We sent thank you texts or emails attaching a picture of DS wearing or using the present and talking about how much he was enjoying it. Where the item might not be used for a while and I hadn't seen the giver in person I sent an email with another pic and something about how lovely the pressie was and how he would enjoy it in the future. Some sort of ack is needed for stuff that comes by post so that the sender knows it hasn't got lost but cards are overkill imho. We get so much junk through our letterbox that if I am a giver I really don't want even more paper that has to go into the recycling. However an emailed pic will be saved on my phone/cloud and I probably will enjoy looking at it again from time to time when browsing my photo library. I often don't have postal addresses for people anyway.

likeacrow · 21/02/2017 09:18

LiviaDrusillaAugusta I gave my also expectant friend some Ted Baker baby tights I picked up reduced and told her they were in the sale. Didn't want her to think I'd spent loads. The last thing I'd expect is a thank you card. Nor did I get one. Her verbal thank you was enough for me to know age appreciated it. A thank you card would have been ott imo. So I suppose I'm just basing it on what I would expect.

OP posts:
WayfaringStranger · 21/02/2017 09:18

Oh Livia that's a shame. That sounds like a lovely present. I'd have loved something like that. :)
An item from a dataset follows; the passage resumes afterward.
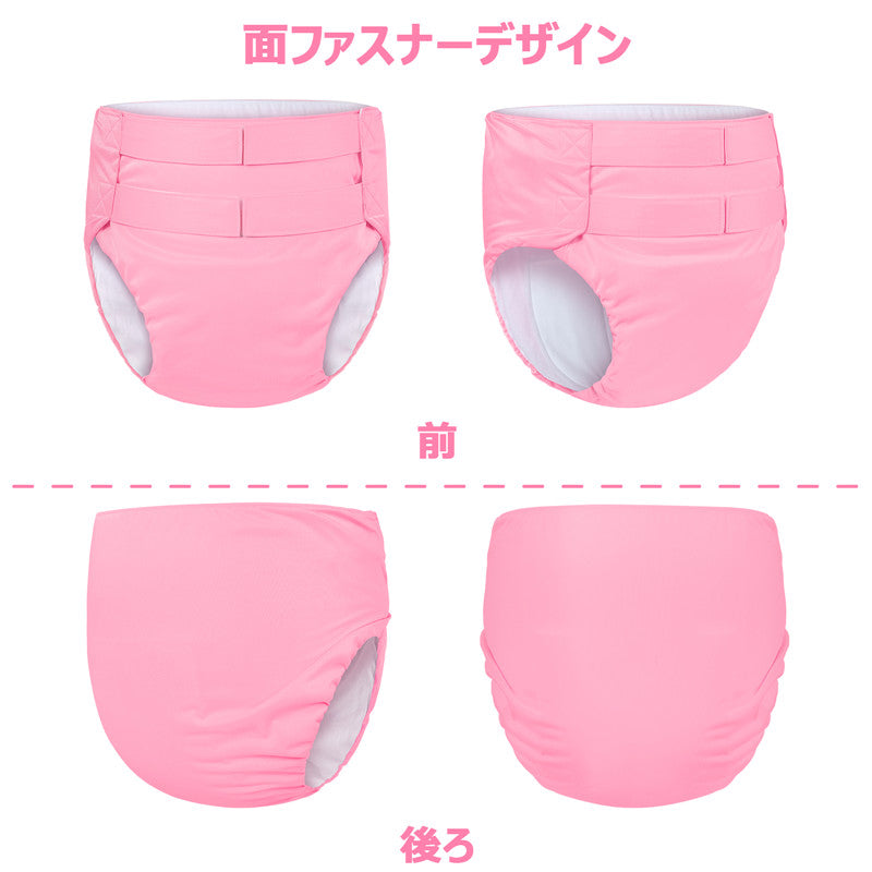 LittleForBig大人 単体で使えるトレーニングパンツ 面ファスナー式調節可能なウェスト【無地】2本取り面ファスナー 吸収・防漏・通気性 洗濯可 ピンク DC327P
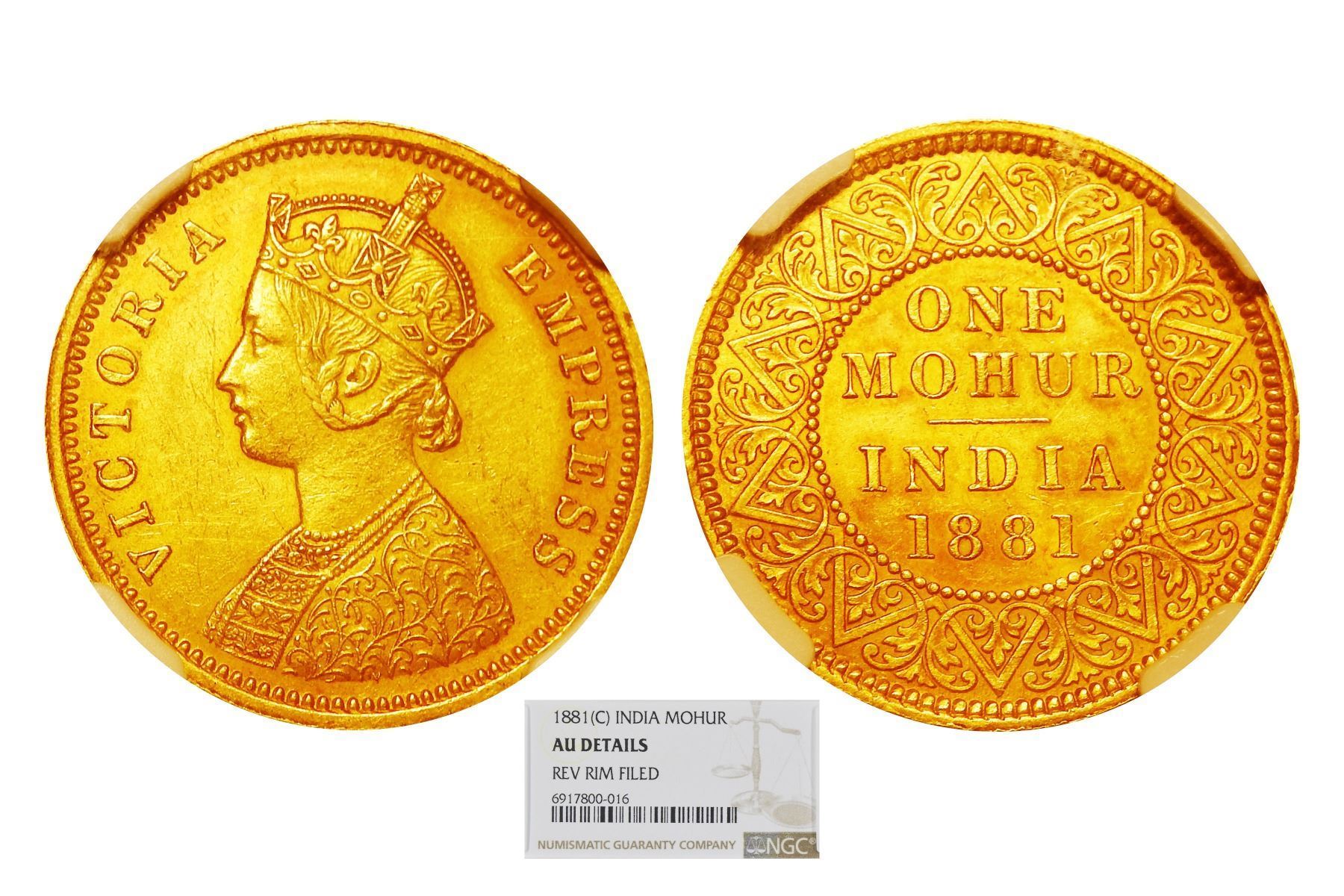British India, Victoria Empress, Gold Mohur, 1881, Calcutta Mint, Graded Almost Uncirculated Details by NGC, this coin is a true rarity despite not being in mint state. As recorded by Pridmore, only 22,647 coins were ever minted, making it an exceptionally scarce issue. The coin retains strong detail with minimal wear, and while NGC has noted a minor issue, it remains highly appealing and desirable. Very few examples surface on the market, especially in such well-preserved condition. For collectors of British India or colonial coinage, this is a rare opportunity to acquire a low-mintage, historically significant coin, certified and secured in an NGC holder.

JessieMcJessie · 21/02/2017 09:18

Ps a tip- keep a log somewhere of who sent what- I am ashamed to admit that I have a couple of things that I can't match to a sender as we were in such a fug when opening everything.

LadyPW · 21/02/2017 09:19

And yes I do consider babygros etc a token gift. It's what I'd usually buy for friends' new babies and they cost a few quid. So a token gift.
Well if you tell people this then you'll probably not have many cards to write Hmm

treaclesoda · 21/02/2017 09:20

Where I live no one sends thank you notes for Christmas or birthday presents, I have never come across that in my life. But baby presents always get a written thank you. I have never given someone so much as a wee set of vests or socks and not had a written thank you note.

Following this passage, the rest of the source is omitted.